In February 2016, the FASB issued ASU No. 2016-02, Leases (“ASU 2016-02”). ASU 2016-02 requires the recognition of lease assets and lease liabilities by lessees for those leases classified as operating leases under previous GAAP. The classification criteria for distinguishing between finance leases and operating leases are substantially similar to the classification criteria for distinguishing between capital leases and operating leases in the previous leases guidance. ASU 2016-02 is effective for annual reporting periods beginning after December 15, 2018 and early adoption is permitted.

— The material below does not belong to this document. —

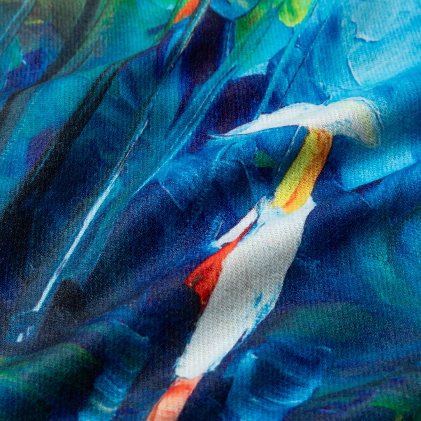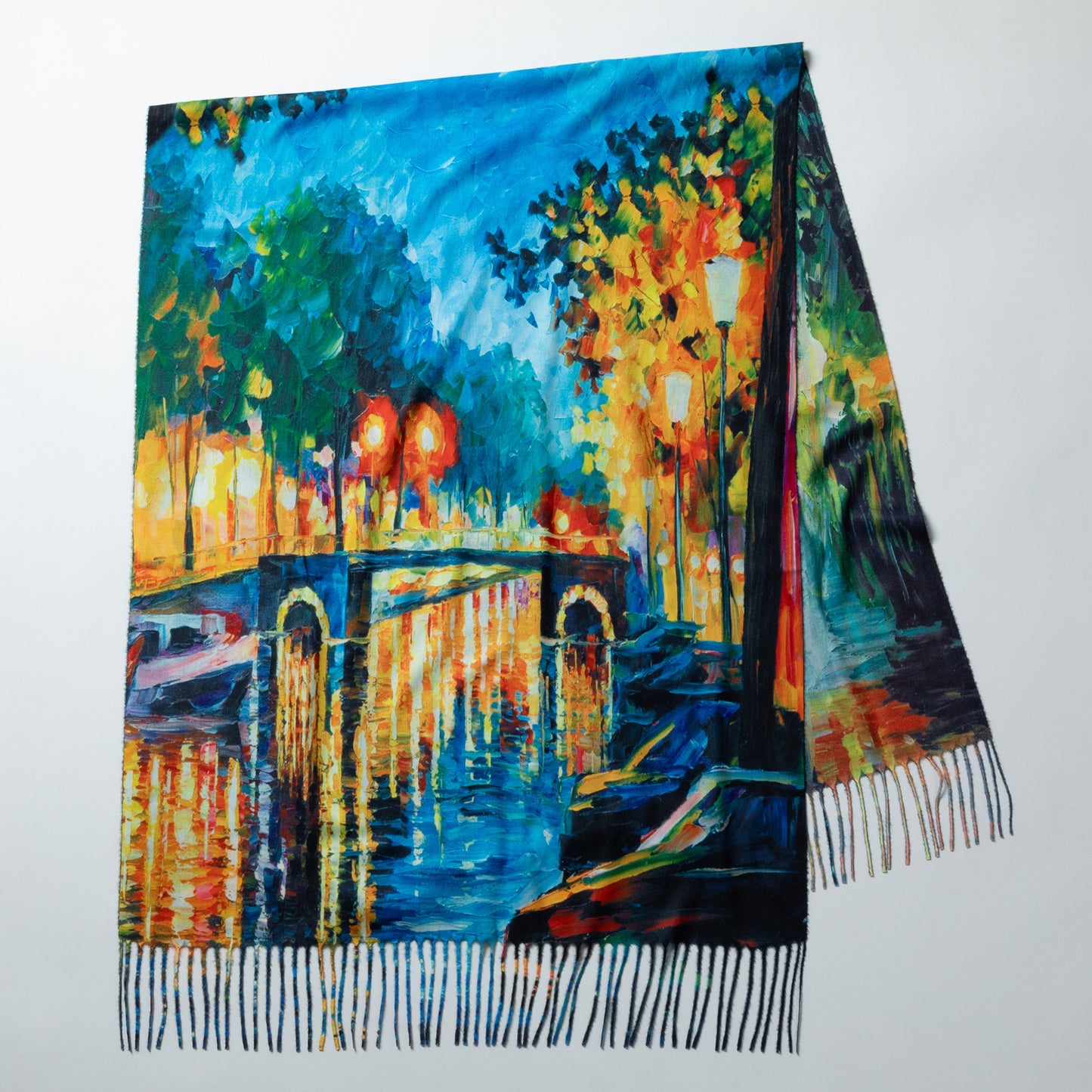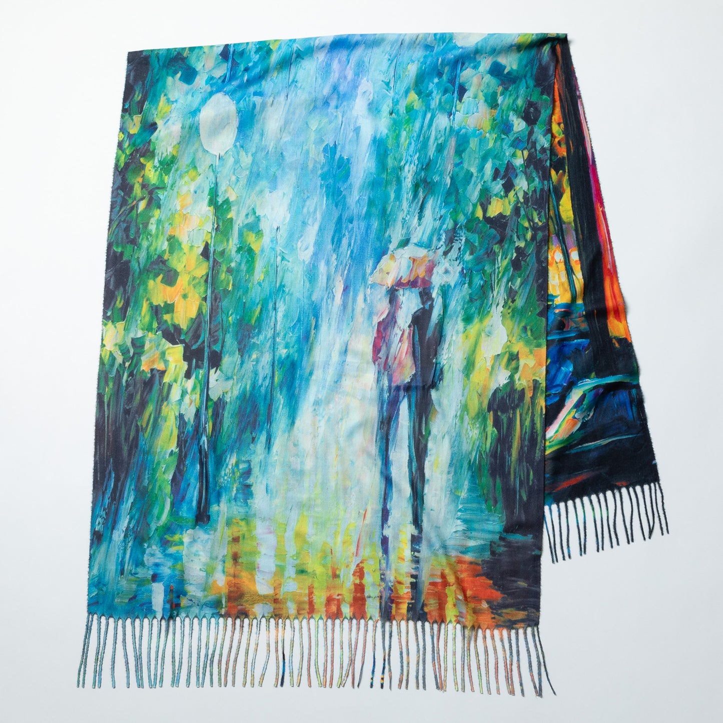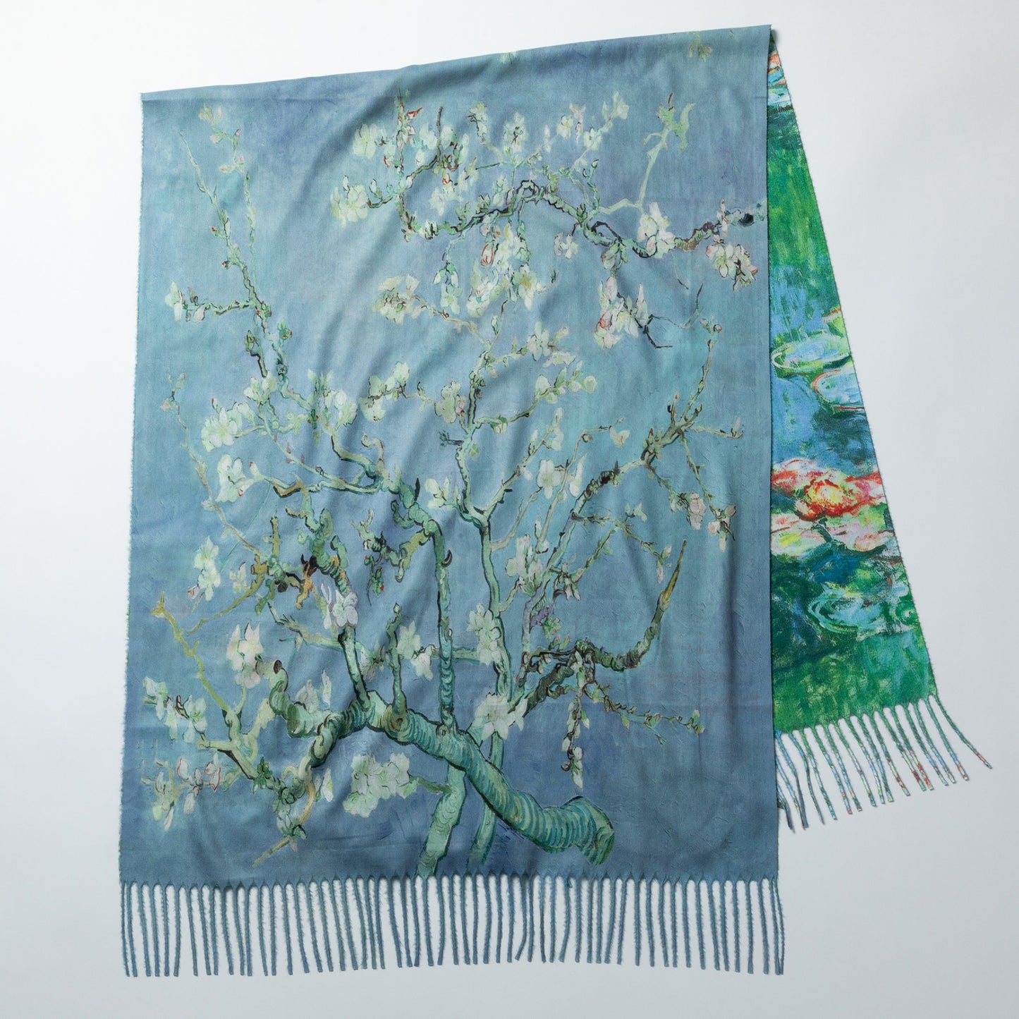 Featuring vibrant designs inspired by famous paintings, this gorgeous scarf is a wearable masterpiece. Made from soft, smooth polyester, it offers lightweight comfort while showcasing stunning artwork on both sides for a truly unique look. Finished with elegant fringe details, it’s perfect for adding a touch of sophistication to your look.

The Company elected not to early adopt the standard, and therefore, will adopt the standard on January 1, 2019.  We will elect the package of practical expedients permitted under the transition guidance within the new standard, which among other things, allows us to carryforward the historical lease classification. We are not electing the hindsight practical expedient. We will make an accounting policy election to keep leases with an initial term of 12 months or less off of the balance sheet. We will recognize those lease payments in the consolidated statements of operations on a straight-line basis over the lease term.

We estimate adoption of the standard will result in recognition of additional net lease assets and lease liabilities, after the effect of the lease modifications discussed in Note 18, the amount of both of which will not be material, , and there will be no impact on the accumulated deficit.  We do not believe the new standard will have a notable impact on our liquidity.